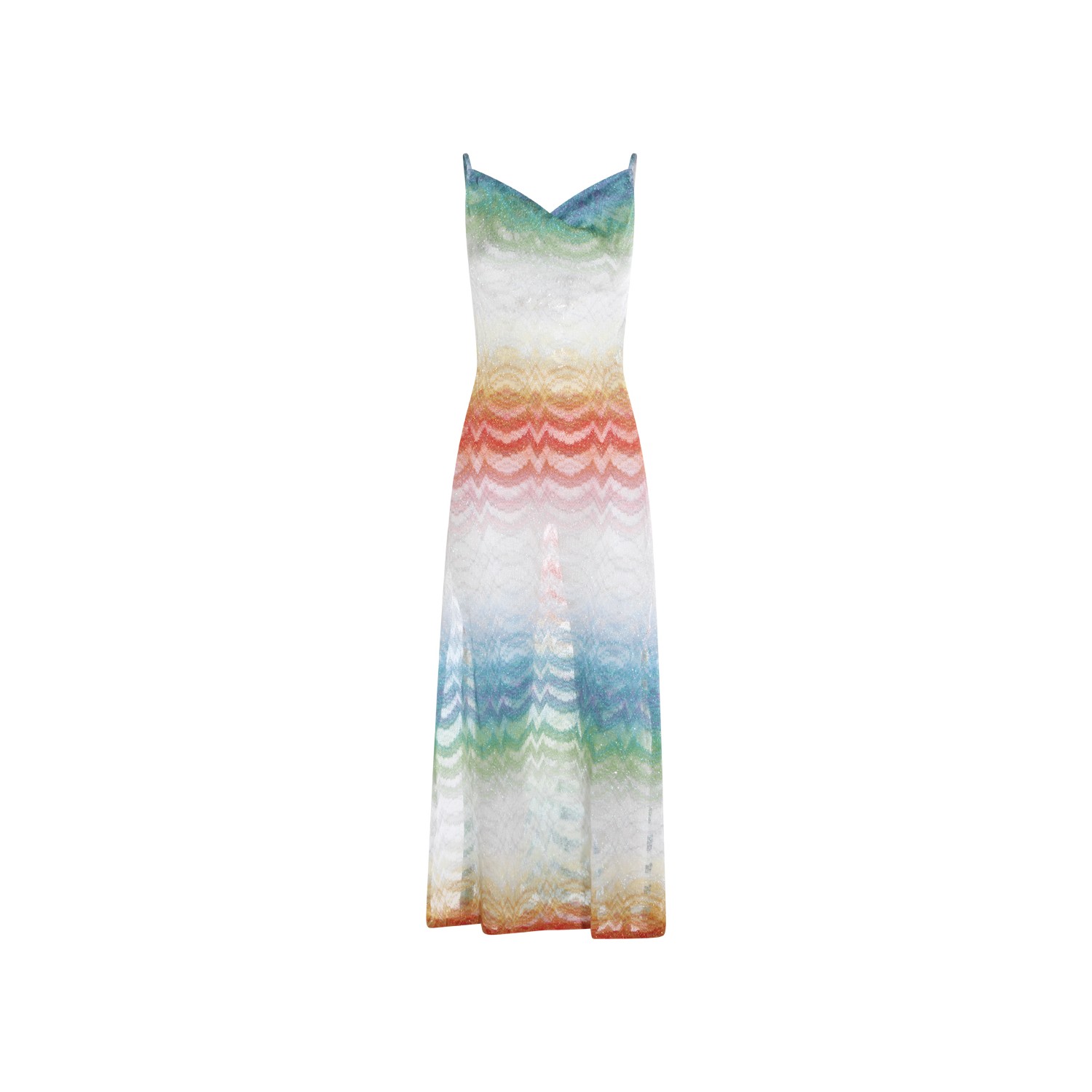 Multicolor viscose dress from Missoni featuring v open neck, sleeves, thin straps, trasparence and long lenght.
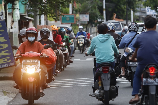 Pengendara motor melawan arah di Jalan Raya Lenteng Agung, Jakarta Selatan, Selasa (2/1/2021). Perilaku tidak disiplin pengendara motor ini berpotensi membahayakan diri sendiri dan pengguna jalan lain. Data Korlantas Polri 2019, dari 196.457 kejadian di j
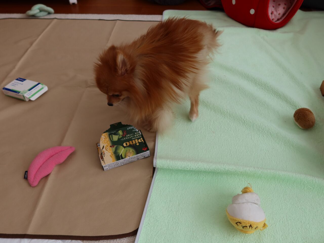 軽い箱にオヤツを仕込んでリビングに散乱。
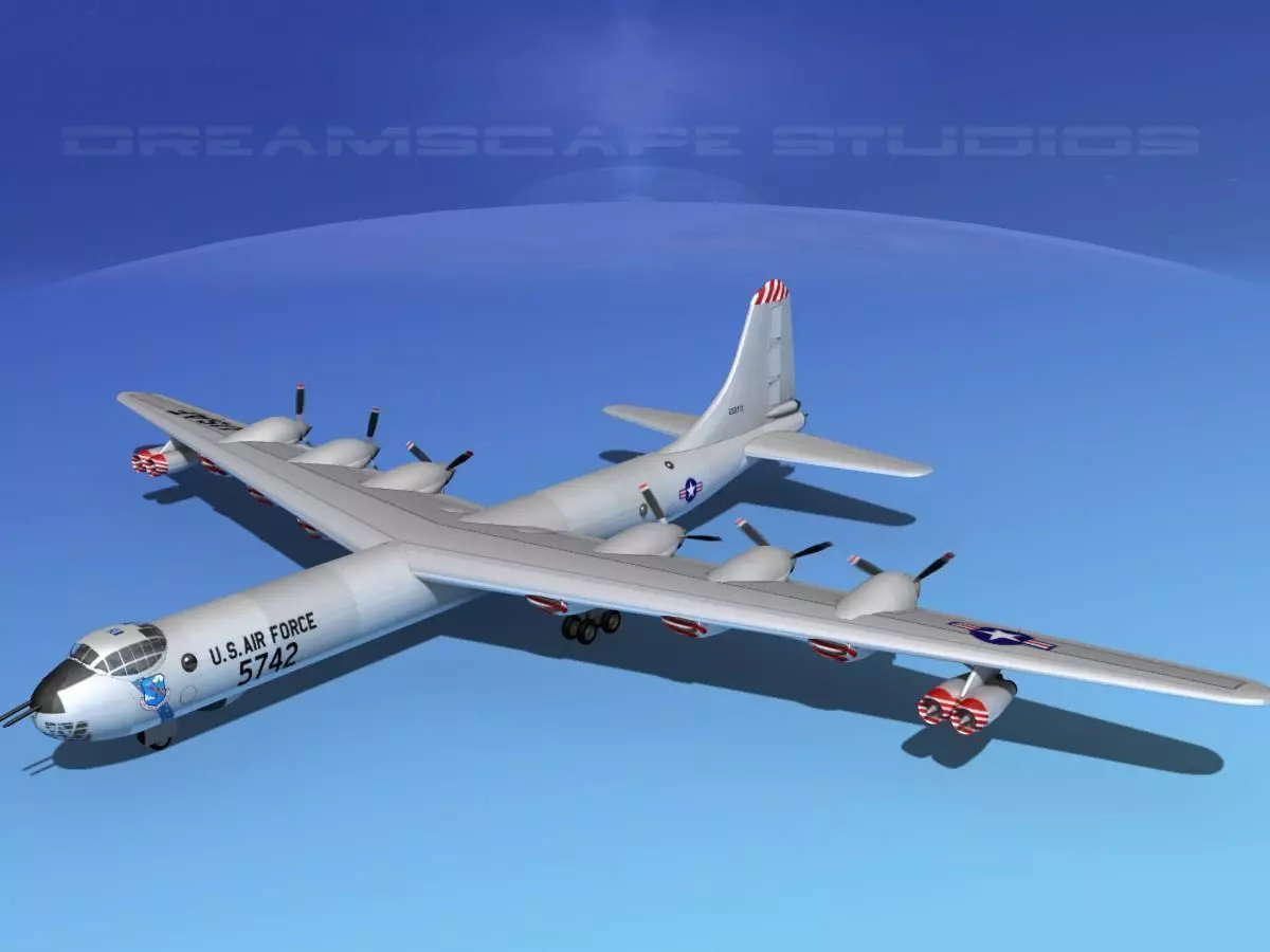 Version B-36A (used for training) and B-36B come with propellers only, the B-36D through final production included 4 jet engines mounted below the wings in pods of two engines each outside of the propeller engines. This model includes a lot of detail and paint schemes from actual squadrons. There are many animateable features including 4 turbines, flaps, ailerons, rudder, elevators, landing gear retract and landing gear doors. Propellers are animated. The models are fully textured.
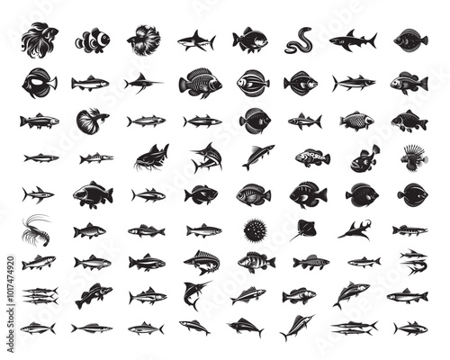 Collection of Fish Silhouette Design - Fish Vector illustration in black and white

§ BRIEF
Reproduce, word for word, every line from the start of the records down to and including the line with "軽い箱にオヤツを仕込んでリビングに散乱。"; skip the pictures.

§ WORKED SOLUTION
 Multicolor viscose dress from Missoni featuring v open neck, sleeves, thin straps, trasparence and long lenght.
 Pengendara motor melawan arah di Jalan Raya Lenteng Agung, Jakarta Selatan, Selasa (2/1/2021). Perilaku tidak disiplin pengendara motor ini berpotensi membahayakan diri sendiri dan pengguna jalan lain. Data Korlantas Polri 2019, dari 196.457 kejadian di j
 軽い箱にオヤツを仕込んでリビングに散乱。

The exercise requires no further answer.